Homogeneous and heterogeneous decomposition involve reducing a data group into smaller groups based on the same or different attributes of the included data objects. Homogeneous decomposition is the process of using the same attribute to repeatedly partition a group by choosing more and more narrow ranges of the attribute's values. Heterogeneous decomposition refers to the use of different attributes to decompose sets for successive partitions. For example, consider a real estate sales database with the following attributes: house-selling-price, neighborhood, number-of-bedrooms. Figure 1 illustrates heterogeneous and homogeneous decomposition for houses whose neighborhood attribute is Shadyside or Squirrel Hill. We can partition this group of houses by the price attribute in the ranges, 0-50K, 51-100K, 101-150K and over 150K. Using homogeneous decomposition, we can further divide the 51-100K house partition into the groups, 51-75K and 76-100K. Using heterogeneous decomposition, we can partition the 101-150K aggregate created by the price attribute, by the attribute number-of-bedrooms.


Figure 1
: Aggregation: homogeneous & heterogeneous decomposition.

Homogeneous and heterogeneous decomposition are two ways to form a hierarchy, which structures data by imposing meaningful groupings. When we perform these operations, we need a way to specify how partitions are formed. We have identified four classes for decomposition:


Figure 2
: Types of decomposition: (a) user-defined, (b) equi-frequency, (c) equi-interval.

Aggregates are groups formed as a result of decomposition or aggregation. Aggregates have data characterizations which are derived from the data characterizations of their elements. This characterization describes the application-independent properties of data that are the basis for graphic design [7], e.g., a nominal data type. When forming an aggregate, the system uses the characteristics of the individual data objects to infer the aggregate data characterization, which is similar to computing summary statistics for each of its attributes. For example, if the system is grouping data which includes the attribute costs, a representative data value for the aggregate object could be average or total. This representative value is used when displaying the aggregate. Values in our current system include counts, averages, totals, and ranges. Which values can be selected depends on the data characterizations of the individual elements. For example, an average or total does not make sense for nominal data.


3. EXISTING DATA EXPLORATION TECHNIQUES

There are several existing techniques for exploring large data sets. As mentioned, these methods fall in three categories: (1) data manipulation techniques, (2) data analysis techniques, and (3) data visualization techniques. Data manipulation techniques are methods of selecting, grouping and transforming the data. In this section, we will examine user interface mechanisms for data manipulation techniques in terms of how they address the data manipulation operations of scope, focus of attention and level of detail (Table 1). We will not address query languages, such as SQL, because our focus is on interface tools that assist the user in manipulating their data.

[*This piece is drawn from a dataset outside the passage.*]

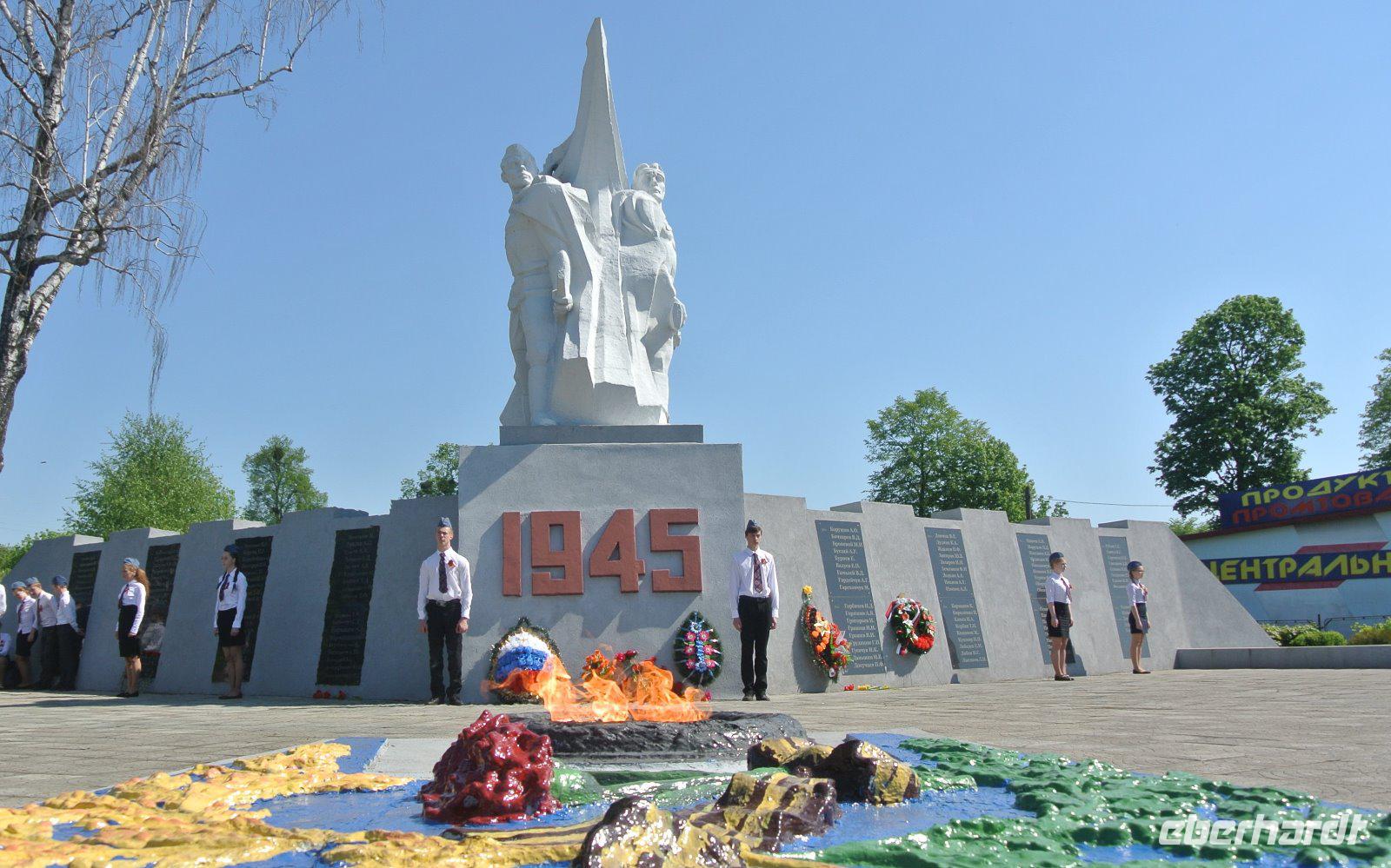 Da an diesem Tage Nationalfeiertag wegen des Endes des II. Weltkrieges am 09.05.1945 war, konnten wir in den Orten in den ne wir durchfuhren viel ZeremonienIn einer kleinen Stadt vor Tilsit machten wir einen Zwischenstopp um die Zeremonien und Wachablösungen der jungen uniformierten Pioniere vor dem großen kriegsdenkmal zu beobachten. Es war ein eindrucksvolles Erlebnis

Dynamic Query or Queries (DQ) is an interactive technique which allows the user to manipulate sliders to control the amount of data displayed [1]. Each slider corresponds to a data attribute. This technique works best for quantitative data, but can also work in the case of nominal data, for which the user selects elements from an exhaustive list. DQ has previously been implemented for pre-defined attributes. The advantages of this technique are that slider bars are easy to manipulate, and one can see the changing effects on the visualization of the data. One disadvantage is that there is no easy way to represent disjunction, the combination of two sets of attributes. Some simple cases of disjunction may be represented by having multiple ranges available for manipulation on one slider bar.


Table 1
: The data exploration operations provided by different software or techniques. If the software (technique) allowed the operation in a simple, straightforward manner, we assigned the value "xx". If the operation involved non-intuitive operations, lots of steps, or steps bordering on programming, we assigned the value "x".

Webs performs level of detail operations through an aggregation mechanism called the "aggregate manipulator" (AM). It was designed for level of detail operations, that of aggregation (grouping) and decomposition (partitioning groups). However, using these methods, the user can also perform scope operations by controlling the amount of data and focus of attention operations by partitioning through ad hoc selection of attributes. The AM also provides a mechanism to display summary statistics for attributes of aggregates (a data analysis operation). The AM will be discussed further in Sections 5 and 6.

Iconographer [4] has several mechanisms to handle scope and focus of attention, but only weakly supports level of detail operations. Iconographer uses the model of directed graphs that are programmed visually by the user. The Object Filter handles the data filtering. The directed graph methodology allows for both scope operations. The Attribute Builder allows one to create derived attributes. by visually programming a graph of functions that will transform existing attributes. The Switchboard mechanism allows the user to select attributes and link them to display techniques. It does not appear that these mechanisms would allow rapid data manipulation for scope and level of detail operations.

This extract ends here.